2.3.2 Drop collapse test
The drop collapse of crude oil was performed with the Enzyme-linked immunosorbent assay (ELISA) method (Jain et al., 1991; Bodour and Miller-Maier, 1998; Youssef et al., 2004). For this purpose, 10 μL of CFS was added into ELISA wells containing 100 μL of liquid paraffin. A positive result is considered if the added CFS drop moves to the bottom of the well or the CFS spread partially to complete it on the paraffin surface. The results were checked at 1, 30, and 60 s. In the present experiment, the chemical surfactant Tween 20 was used as a positive control, and the M9 mineral medium was used as a negative control.
2.3.3 Oil spreading assay
To investigate the spreading of crude oil, crude oil (100 μL) was added to the center of a Petri dish containing 30 mL of distilled water, and then 100 μL of CFS was placed at the center of the crude oil. The measurement was conducted to determine the diameter of the clear zones. In the present experiment, the chemical surfactant Tween 20 was used as a positive control, and the M9 mineral medium was used as a negative control (Morikawa et al., 2000; Huang et al., 2020).
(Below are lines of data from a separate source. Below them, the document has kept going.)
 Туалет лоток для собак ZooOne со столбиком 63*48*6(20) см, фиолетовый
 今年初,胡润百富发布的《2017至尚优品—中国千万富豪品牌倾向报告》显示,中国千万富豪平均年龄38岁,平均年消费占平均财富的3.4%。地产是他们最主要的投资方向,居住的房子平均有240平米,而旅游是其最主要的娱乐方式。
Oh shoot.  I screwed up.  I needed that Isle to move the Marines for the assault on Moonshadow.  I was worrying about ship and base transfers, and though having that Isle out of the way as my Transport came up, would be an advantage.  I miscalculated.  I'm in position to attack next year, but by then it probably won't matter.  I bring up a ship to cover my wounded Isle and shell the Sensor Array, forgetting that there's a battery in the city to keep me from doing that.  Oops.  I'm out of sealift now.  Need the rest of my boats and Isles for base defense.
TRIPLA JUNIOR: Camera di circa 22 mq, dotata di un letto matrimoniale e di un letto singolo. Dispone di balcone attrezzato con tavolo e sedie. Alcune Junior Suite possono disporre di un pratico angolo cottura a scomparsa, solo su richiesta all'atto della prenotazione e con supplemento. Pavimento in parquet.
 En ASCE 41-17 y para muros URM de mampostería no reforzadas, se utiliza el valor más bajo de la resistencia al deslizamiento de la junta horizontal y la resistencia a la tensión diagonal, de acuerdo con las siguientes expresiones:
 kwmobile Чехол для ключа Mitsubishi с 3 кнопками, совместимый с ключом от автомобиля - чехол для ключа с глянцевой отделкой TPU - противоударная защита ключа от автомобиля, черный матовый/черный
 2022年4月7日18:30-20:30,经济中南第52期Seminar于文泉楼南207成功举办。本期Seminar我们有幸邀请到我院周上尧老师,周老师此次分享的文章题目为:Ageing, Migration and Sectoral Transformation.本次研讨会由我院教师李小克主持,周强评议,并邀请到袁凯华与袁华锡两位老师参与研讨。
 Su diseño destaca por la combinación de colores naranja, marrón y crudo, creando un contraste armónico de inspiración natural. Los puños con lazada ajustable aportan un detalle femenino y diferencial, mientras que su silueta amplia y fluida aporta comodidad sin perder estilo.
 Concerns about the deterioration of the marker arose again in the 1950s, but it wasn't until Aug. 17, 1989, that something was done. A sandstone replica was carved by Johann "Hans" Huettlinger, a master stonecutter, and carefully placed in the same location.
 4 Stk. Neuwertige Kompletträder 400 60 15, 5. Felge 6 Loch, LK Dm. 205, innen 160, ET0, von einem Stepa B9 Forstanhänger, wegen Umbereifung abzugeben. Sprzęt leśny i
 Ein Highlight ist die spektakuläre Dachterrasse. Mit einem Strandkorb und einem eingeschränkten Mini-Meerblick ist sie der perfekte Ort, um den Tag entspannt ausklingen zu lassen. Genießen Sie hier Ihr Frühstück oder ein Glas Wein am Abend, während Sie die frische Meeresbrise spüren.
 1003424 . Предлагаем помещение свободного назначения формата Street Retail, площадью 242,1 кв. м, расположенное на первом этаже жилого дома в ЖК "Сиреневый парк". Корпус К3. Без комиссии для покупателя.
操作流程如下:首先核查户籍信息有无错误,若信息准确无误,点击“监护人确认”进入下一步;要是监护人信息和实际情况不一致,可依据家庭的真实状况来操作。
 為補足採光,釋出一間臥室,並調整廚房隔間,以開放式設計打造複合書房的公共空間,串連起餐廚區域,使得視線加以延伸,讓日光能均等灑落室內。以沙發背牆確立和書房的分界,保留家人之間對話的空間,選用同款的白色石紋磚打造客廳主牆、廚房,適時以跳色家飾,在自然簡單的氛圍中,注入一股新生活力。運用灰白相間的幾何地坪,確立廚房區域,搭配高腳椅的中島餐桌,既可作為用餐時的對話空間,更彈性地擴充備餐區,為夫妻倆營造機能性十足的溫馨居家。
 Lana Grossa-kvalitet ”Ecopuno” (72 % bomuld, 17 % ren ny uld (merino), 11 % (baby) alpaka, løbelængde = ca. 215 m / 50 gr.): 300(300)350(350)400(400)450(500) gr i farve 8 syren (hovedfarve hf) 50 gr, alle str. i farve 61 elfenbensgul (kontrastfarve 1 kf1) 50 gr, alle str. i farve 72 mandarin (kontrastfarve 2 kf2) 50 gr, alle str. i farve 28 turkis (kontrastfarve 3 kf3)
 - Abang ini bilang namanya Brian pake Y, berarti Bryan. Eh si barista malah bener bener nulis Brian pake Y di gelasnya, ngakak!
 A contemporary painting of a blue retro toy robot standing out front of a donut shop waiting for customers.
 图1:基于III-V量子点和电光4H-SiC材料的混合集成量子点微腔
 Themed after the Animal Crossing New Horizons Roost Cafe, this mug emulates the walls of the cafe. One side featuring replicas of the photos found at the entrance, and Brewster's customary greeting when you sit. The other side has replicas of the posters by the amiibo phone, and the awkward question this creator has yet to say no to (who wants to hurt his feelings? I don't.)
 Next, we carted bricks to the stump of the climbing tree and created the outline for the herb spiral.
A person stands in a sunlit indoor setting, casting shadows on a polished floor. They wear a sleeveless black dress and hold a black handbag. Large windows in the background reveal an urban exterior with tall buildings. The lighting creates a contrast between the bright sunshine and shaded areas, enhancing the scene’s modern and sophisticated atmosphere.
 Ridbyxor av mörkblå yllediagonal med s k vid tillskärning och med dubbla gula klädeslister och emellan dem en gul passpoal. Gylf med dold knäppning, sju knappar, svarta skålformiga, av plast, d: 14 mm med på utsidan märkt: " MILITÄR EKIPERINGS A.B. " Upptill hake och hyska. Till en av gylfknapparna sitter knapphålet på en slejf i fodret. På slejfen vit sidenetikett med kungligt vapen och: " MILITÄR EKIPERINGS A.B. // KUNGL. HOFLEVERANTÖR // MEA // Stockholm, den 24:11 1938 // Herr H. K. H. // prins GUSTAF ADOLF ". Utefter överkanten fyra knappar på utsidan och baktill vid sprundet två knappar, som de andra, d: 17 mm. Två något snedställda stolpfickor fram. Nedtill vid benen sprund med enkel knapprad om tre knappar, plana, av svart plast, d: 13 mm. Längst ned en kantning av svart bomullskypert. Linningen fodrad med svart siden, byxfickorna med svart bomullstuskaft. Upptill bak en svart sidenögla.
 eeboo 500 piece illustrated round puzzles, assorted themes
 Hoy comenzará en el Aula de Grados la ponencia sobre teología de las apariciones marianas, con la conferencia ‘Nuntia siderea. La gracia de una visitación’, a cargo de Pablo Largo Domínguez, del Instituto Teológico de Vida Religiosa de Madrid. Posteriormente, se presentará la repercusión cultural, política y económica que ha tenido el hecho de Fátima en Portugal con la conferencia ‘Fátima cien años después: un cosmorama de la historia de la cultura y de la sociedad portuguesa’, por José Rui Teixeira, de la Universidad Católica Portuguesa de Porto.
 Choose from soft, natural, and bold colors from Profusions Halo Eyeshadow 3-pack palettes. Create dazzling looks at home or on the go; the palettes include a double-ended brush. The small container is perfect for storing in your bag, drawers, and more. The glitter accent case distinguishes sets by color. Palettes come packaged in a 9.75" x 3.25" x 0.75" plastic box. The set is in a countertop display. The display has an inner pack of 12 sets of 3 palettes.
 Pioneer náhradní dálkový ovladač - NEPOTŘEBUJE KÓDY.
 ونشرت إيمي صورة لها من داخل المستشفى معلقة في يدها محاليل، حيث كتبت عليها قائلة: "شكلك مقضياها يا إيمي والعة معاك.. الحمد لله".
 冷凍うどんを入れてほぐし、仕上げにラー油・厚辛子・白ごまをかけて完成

2.3.4 Emulsification index
For this experiment, 5 mL of CFS was poured into a tube, and 5 mL of diesel was added. The tube was vigorously mixed for 2 min and kept statically at 25°C for 24 h. By dividing the height of the emulsion layer by the height of the total liquid multiplied by 100, the percentage of emulsification was calculated. In the present experiment, the chemical surfactant Tween 20 at 1.095 g mL−1 concentration was used as a positive control, and the M9 mineral medium was used as a negative control (Cooper and Goldenberg, 1987; Iqbal et al., 1995; Habibi and Karami Rahimabadi, 2018).
2.3.5 Measurement of surface tension
Using the force tensiometer model TM-TN-555, Nanotos Company, Iran, at 25°C, the surface tension of the CFS was measured. For this experiment, the platinum ring of the device was submerged in 50 mL of CFS, and its surface tension was determined in mN m−1 (Iqbal et al., 1995; Hassanshahian, 2014; Nayarisseri et al., 2019).
2.4 Determining the critical micelle concentration
First, 1,000 mg L−1 of crude biosurfactant was dissolved in distilled water. Then, it was successively diluted (0–500 mg L−1), then the emulsification index (E24) and surface tension values of the prepared dilutions were measured, respectively (Abdel-Mawgoud et al., 2008). The lowest value of surface tension and the highest value of emulsification index were considered as the critical micelle concentration.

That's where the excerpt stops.